That’s what NBA star Dennis Rodman is up against from Lavon Ankers, a Delta Center usher who claims he pinched her during a San Antonio game, when Rodman was still a Spur, two years ago and is suing.
“As defendant Rodman walked past the plaintiff, he placed his hand on the plaintiff’s buttocks and pinched her,” according to the civil suit filed in U.S. District Court.
Ankers says she was “greatly humiliated, shamed, embarrassed and endured great mental suffering,” the case states.
“Frankly, she didn’t invite or in anyway ask Rodman to touch or pinch her on the buttocks,” her lawyer, Harry Caston said.

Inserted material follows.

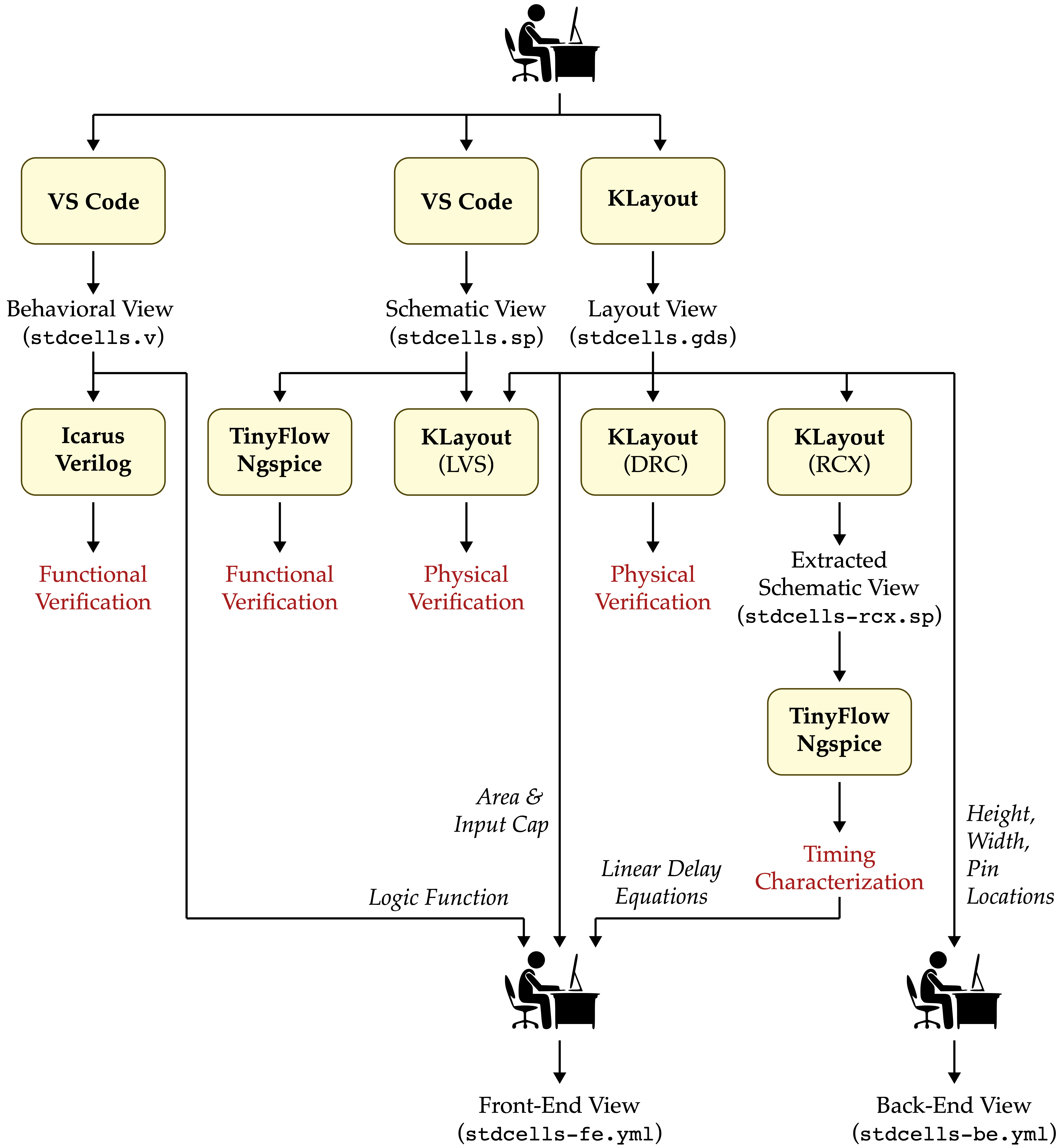 We will by begin by writing the behavioral view in Verilog and verifying its functionality using a Verilog test bench and Icarus Verilog. We will then write the schematic view in SPICE and verify its functionality using a SPICE test bench and TinyFlow-Ngspice. Instead of using Ngspice directly as in Lab 1, we will now be using our TinyFlow-Ngspice wrapper script which makes it much easier to run SPICE simulatoins. We will then use the KLayout design editor to create the layout, perform a design-rules check (DRC), perform a layout vs. schematic check (LVS), and generate an extracted schematic. We will re-simulate the extracted transistor-level schematic using TinyFlow-Ngspice to characterize the propagation delay for different load capacitances in order to create a linear delay model. Finally, we will write the front-end and back-end views for our standard-cell inverter in two YAML files. We will also implement three auxillary standard cells (i.e., TIEHI, TIELO, FILL).

For a kiss, she could have tacked on another 250 grand.
Sinking feeling
Add this to the unlimited list of excuses one uses to justify why golf isn’t as easy as it looks on TV.
Here’s Laura Davies reasoning on why the women of the LPGA don’t putt as well as the men of the PGA. “It’s because of the quality of the greens we play on. Ours vary so much, it’s hard to improve. The men’s tour provides them with good greens all the time. That’s why they are better,”
If only that boob Ben Wright would have thought of that, he’d still have a job.
Rats, it’s the Orkin man
The National Hockey League plans to play the part of the Pied Piper next season when it tries to rid Miami Arena of rodents, in particular the plastic rats thrown by Panthers fans after goals.
Not unexpectedly, the league’s general managers have agreed to enforce a rule prohibiting fans from throwing objects onto the ice. That means no more rats in Miami, octopuses in Detroit and garbage in Boston.
The reason: Such antics delay the game.
“It took us less time to clean off 1,000 rats than it takes other teams to clean off 30 hats after hat tricks,” Panthers’ assistant to the GM Kevin Dessart said.
But it still takes more time to clean the vomit off the blue seats at Madison Square Garden.
Broncos in Hog heaven
When 6-foot-5, 290-pound Broderick Thompson rides along U.S. Highway 85 from Denver to Greeley, Colo., he gets strange looks.
Thompson is one of seven Denver Broncos players - five weigh at least 280 pounds - who own Harley-Davidson motorcycles, which are so popular that many are sold before they’re made.
“We’ve gotten some strange looks from people,” Thompson said. “People see us and think it’s this new steroid gang.”
The last word …
“Look on the bright side, Angels fans; if Major League Baseball decides to try this neutral-site World Series thing, Anaheim will be in the running as host city … every year.”